WHAT YOU HAVE TO DO
When you reach the line that contains "PRODUCT DETAILS: Set", set down that line and every one after it through the end of the records, exactly as written and with no pictures.

RECORD SET
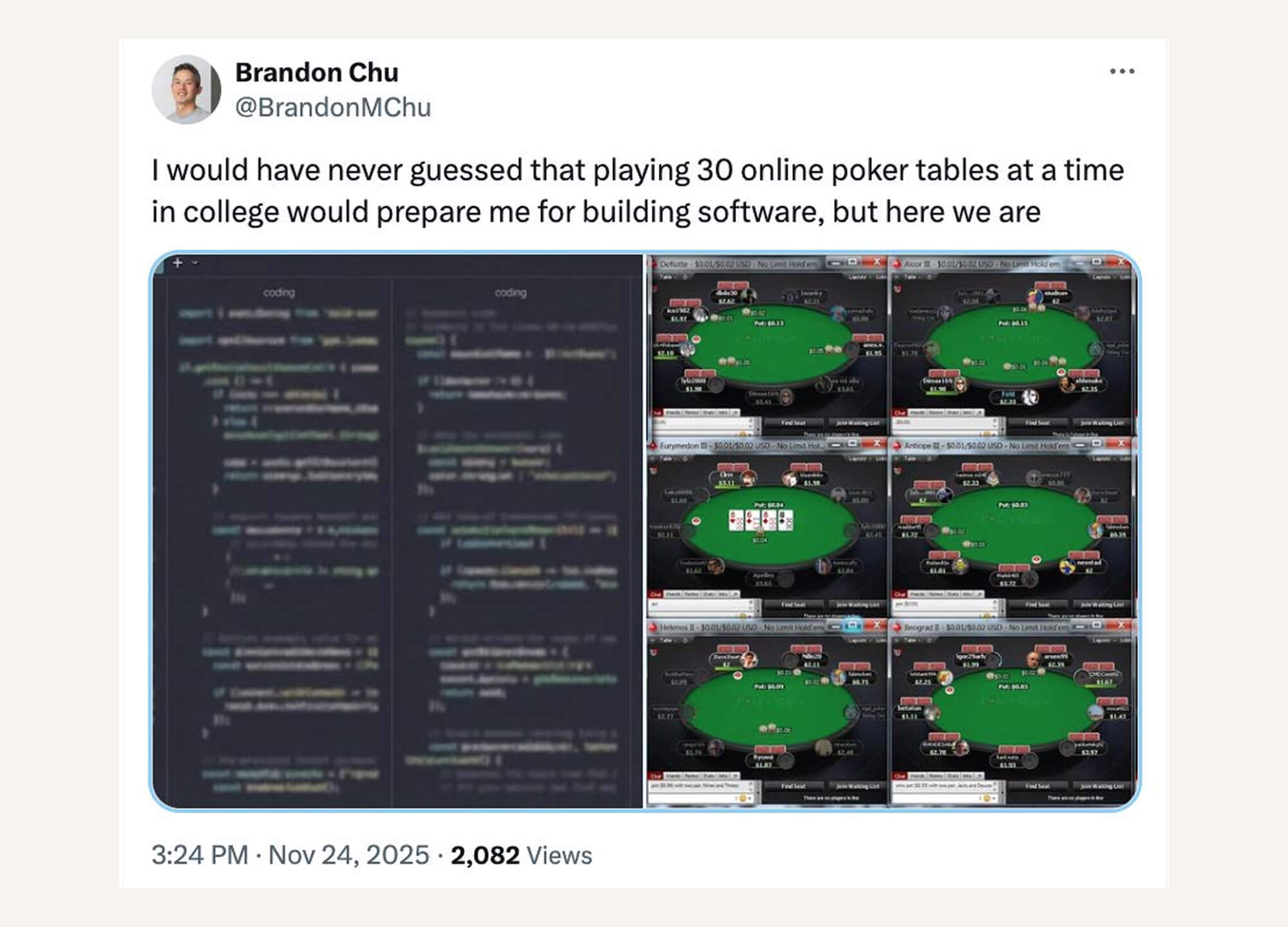 The other thing that AI is doing is it’s changing how people sort themselves as they enter the tech industry. It used to be that you’d show up at local events, and there would be a proficiency test that was, could you figure out who was good, and how to attach yourself to those people, and that’s how you’d get a job at a good startup and get on your way. Now, that doesn’t exist as much anymore. It’s been replaced by this very different filter function, which is “show us your projects”. (There is obviously a precedent with OS projects and Github; now they’re just more vertically complete.) AI is now serving the role of the “local legend” who drew the good people away from the fake work, because they can just go start cool one-person companies without asking for anybody’s permission, and have a great time doing it.
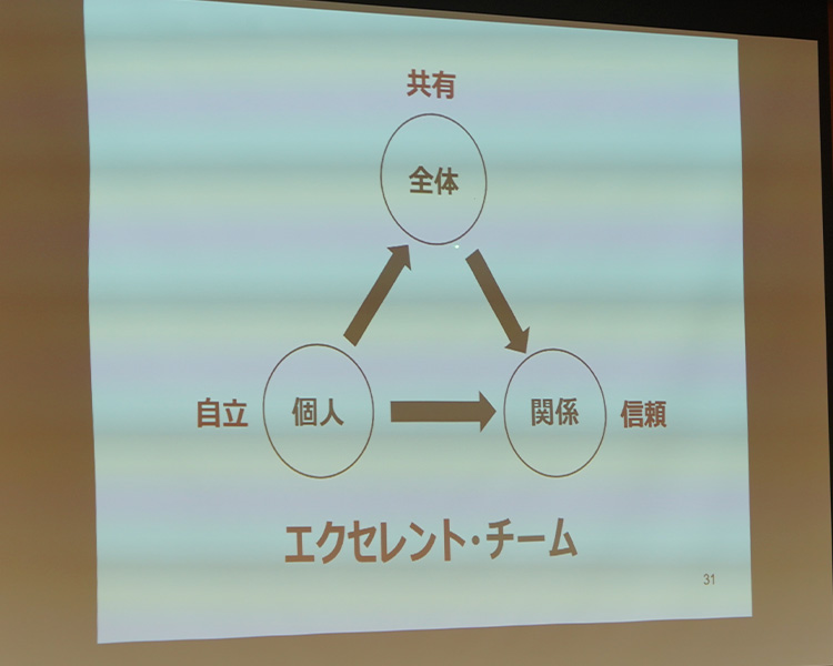 『チームビルディング チームの中の個人の役割』をテーマに講義。
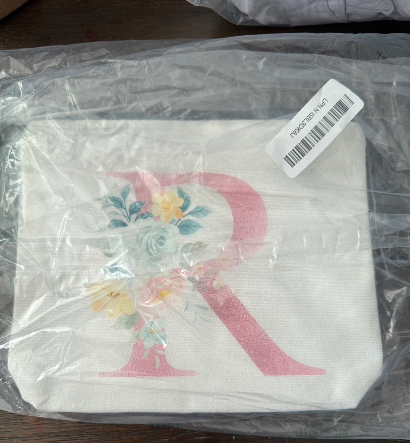This white canvas pouch features a large pink letter 'R' embellished with a delicate floral design. It's perfect for organizing small essentials like makeup or stationery. The zippered closure keeps your items secure.
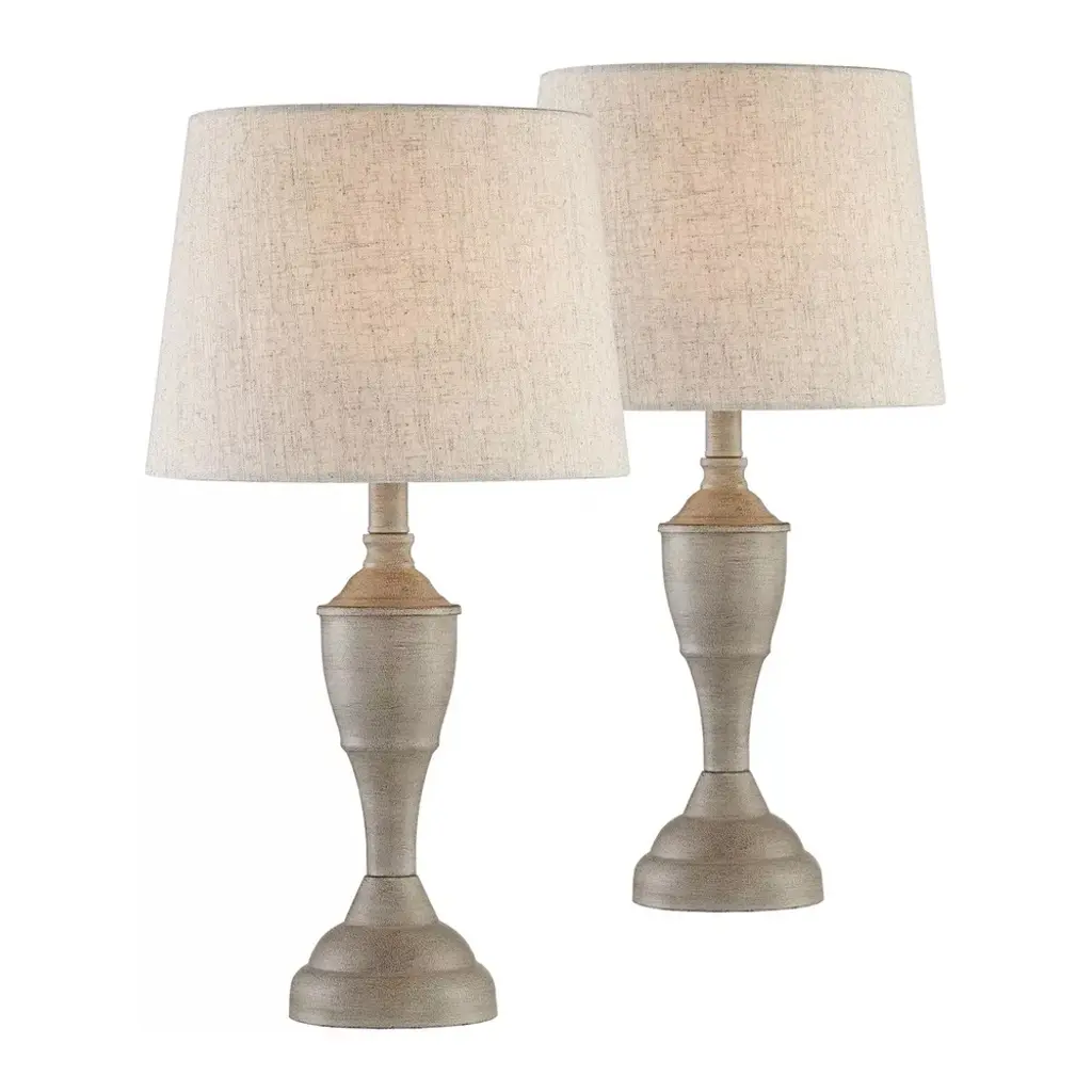 PRODUCT DETAILS: Set of 2 lamps. Each is 21" high overall. Bottom bases are 5" wide. Shades are 10" wide at the top x 11 3/4" wide at the bottom x 9" high. Weigh 6.6 lbs. Use one maximum 100 watt standard-medium base E26 bulb (not included). On-off switches on sockets. Claude set of two rustic metal accent table lamps from the 360 Lighting brand. Ideal for farmhouse or traditional cottage decorating. Beige washed finish bases with a classic urn profile. Metal construction. Beige linen tapered drum shades. 8-foot long brown cords.
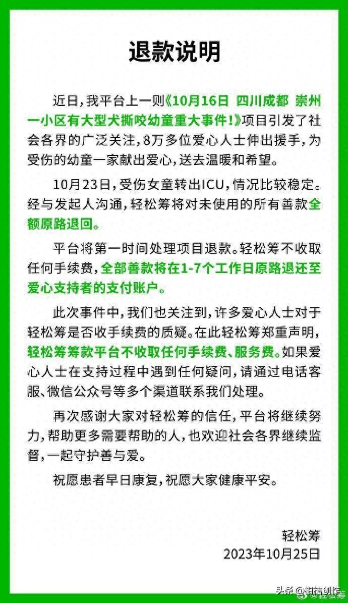 10月25日,@easilyraise微博发布退款声明称,10月23日,受伤女孩已从重症监护室转出,病情相对稳定。与赞助商沟通后,Easyraise 将全额退还所有未使用的捐款。回来了。

RESPONSE
 PRODUCT DETAILS: Set of 2 lamps. Each is 21" high overall. Bottom bases are 5" wide. Shades are 10" wide at the top x 11 3/4" wide at the bottom x 9" high. Weigh 6.6 lbs. Use one maximum 100 watt standard-medium base E26 bulb (not included). On-off switches on sockets. Claude set of two rustic metal accent table lamps from the 360 Lighting brand. Ideal for farmhouse or traditional cottage decorating. Beige washed finish bases with a classic urn profile. Metal construction. Beige linen tapered drum shades. 8-foot long brown cords.
 10月25日,@easilyraise微博发布退款声明称,10月23日,受伤女孩已从重症监护室转出,病情相对稳定。与赞助商沟通后,Easyraise 将全额退还所有未使用的捐款。回来了。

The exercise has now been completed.